The Vegetarian Resource Group Blog

The Vegetarian Resource Group Blog

By Reed Mangels, PhD, RD

Shortly after our post about updated Daily Values on food labels, we got a question from a reader who asked, “The FDA webpage you linked to highlights that the DV for total fat has been updated from 65 g to 78 g and the DV for sodium has been updated from 2,400 mg to 2,300 mg. Do you have any comments on those changes?”

As you may recall from an earlier post, the Nutrition Facts portion of a food label includes Daily Values which are established by the FDA to be used for the labels of foods and supplements. Daily Values are amounts of nutrients that people are recommended to consume or not to exceed each day. 

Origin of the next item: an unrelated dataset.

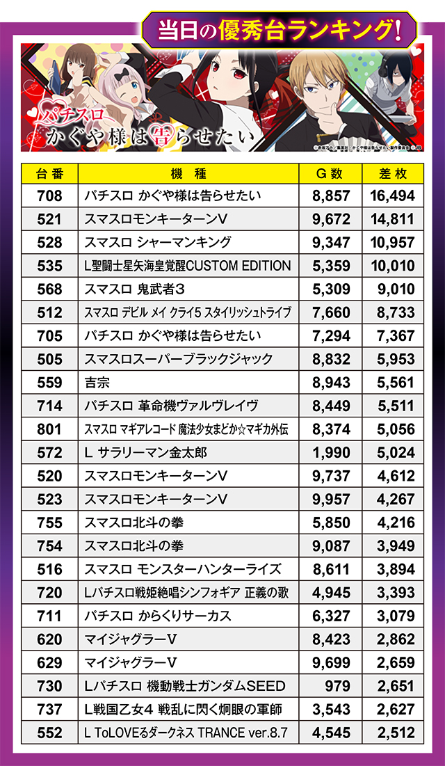 なんと4台もの10,000枚オーバー記録を生み出したこの日。1位の『パチスロ かぐや様は告らせたい』、2位の『スマスロモンキーターンV』などは想定内の結果だとして、バラエティー島に1台設置の『スマスロ シャーマンキング』、最近では差枚ランキングからすっかり名前の消えた『L聖闘士星矢海皇覚醒CUSTOM EDITION』がそれぞれ3・4位にランクインした事実に驚きが隠せない。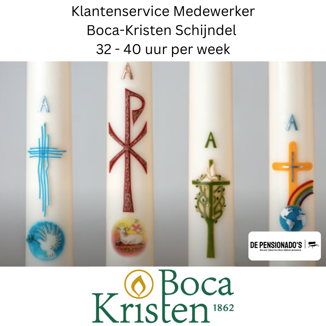 Voor het bedrijfsonderdeel Boca-Kristen in Schijndel zoeken we tijdelijke versterking voor de drukste periode van het jaar: Pasen. Hiervoor zijn we op zoek naar een gepensioneerde Klantenservice Medewerker die hen van medio februari tot en met eind mei kan ondersteunen.

In the most recent update, the Daily Value for total fat went from 65 grams to 78 grams of fat per day. Of course, this doesn’t mean that you need to eat more fat. Remember, in this case, this indicates an upper limit – don’t eat more than 78 grams of fat a day if you’re eating 2,000 calories a day. 2,000 calories is the amount the FDA decided to use as a guide for general nutrition advice.

We wondered why there was an increase in the upper limit for total fat. Some quick calculations showed us that if your diet has 65 grams of fat and 2,000 calories, your diet gets 30% of its calories from fat. If your diet has 78 grams of fat and 2,000 calories, your diet gets 35% of calories from fat.

The RDAs include recommendations for the acceptable macronutrient distribution range (AMDR) – the percentage of calories that should come from protein, fat and carbohydrate. The AMDR for total fat is 20-35% of calories (1). Since 35% appears to be the upper limit, that is likely why 78 grams of fat (35% of 2,000 calories) was used as the DV. 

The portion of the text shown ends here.